As Clark Kent’s monologue begins, he chooses to discuss luck and make the kind of hard-boiled overarching observations that come across as some kind of pretentious stipulation for prestige. And yet what he says about luck’s predominance is hardly irrelevant to the story, which is about chance in all its extremities and interpolations. We entrust the development of all stories to Superman’s deterministic action, and yet The Late Mr. Kent reminds us of how much luck factors into every little incident that allows him to come through in the end. And it’s not just Superman’s luck. While he is lucky that the fisherman had bad eyesight and that his childhood sweetheart was around to help with a cover story, Walker is equally fortunate that the reporter working on his case just happened to be Superman in disguise and that the pizza place actually had delivery records.

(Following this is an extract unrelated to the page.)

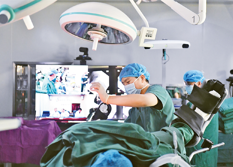 數(shù)字技術(shù)與醫(yī)療、農(nóng)業(yè)、能源、建筑、服務(wù)業(yè)等緊密結(jié)合,正在推動(dòng)傳統(tǒng)產(chǎn)業(yè)日益高端化、智能化。圖為2021年4月19日,拉薩市人民醫(yī)院骨科醫(yī)生在北京積水潭醫(yī)院專家遠(yuǎn)程指導(dǎo)下,使用骨科機(jī)器人開(kāi)展骨科手術(shù)?!⌒氯A社記者 孫瑞博 /攝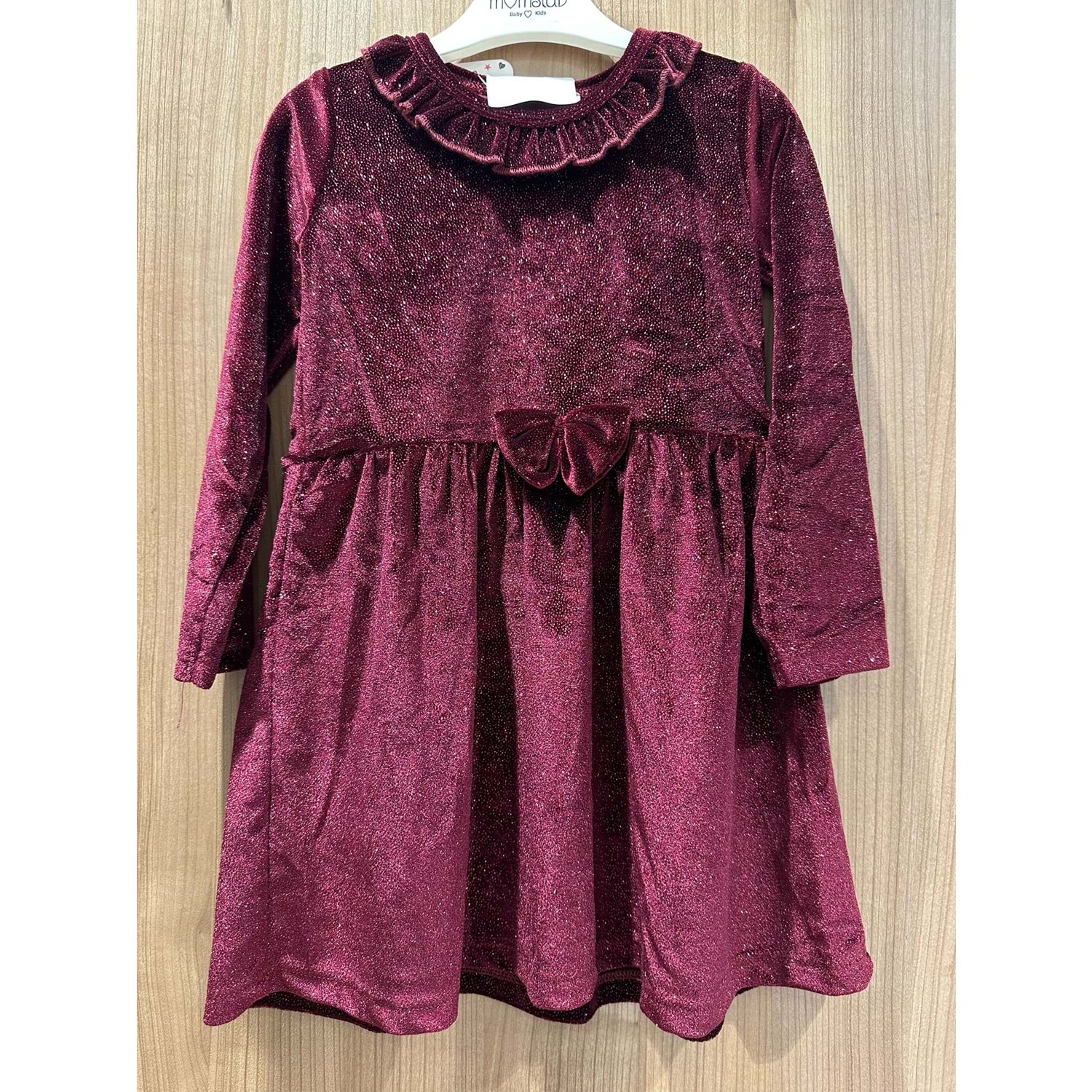 6773 KIZ ÇOCUK YAKASI FIRFIRLI KADİFE SİMLİ ELBİLSE

In an episode where the events that transpire are troubling enough, we are nudged to wonder how things may have turned out were it not for the convenient reversals of fortune that ultimately win the day.
In the end, The Late Mr. Kent offers us the fullest realization of the clash between an interplanetary being and the struggles people face on a day-to-day basis, demonstrating that our imperfect social and political systems can stand as hindrances to even the most super powered being and that there is a wealth of real world problems that can’t be chalked up to the usual preventable, physical chaos. For every catastrophe that requires swashbuckling heroics, there is one that hinges even more on everyday happenstance and amid all the fluff that diverts the viewers’ eyes from the hard facts about the world we’re living in, there is a rare twenty-minute action cartoon that dares to say something.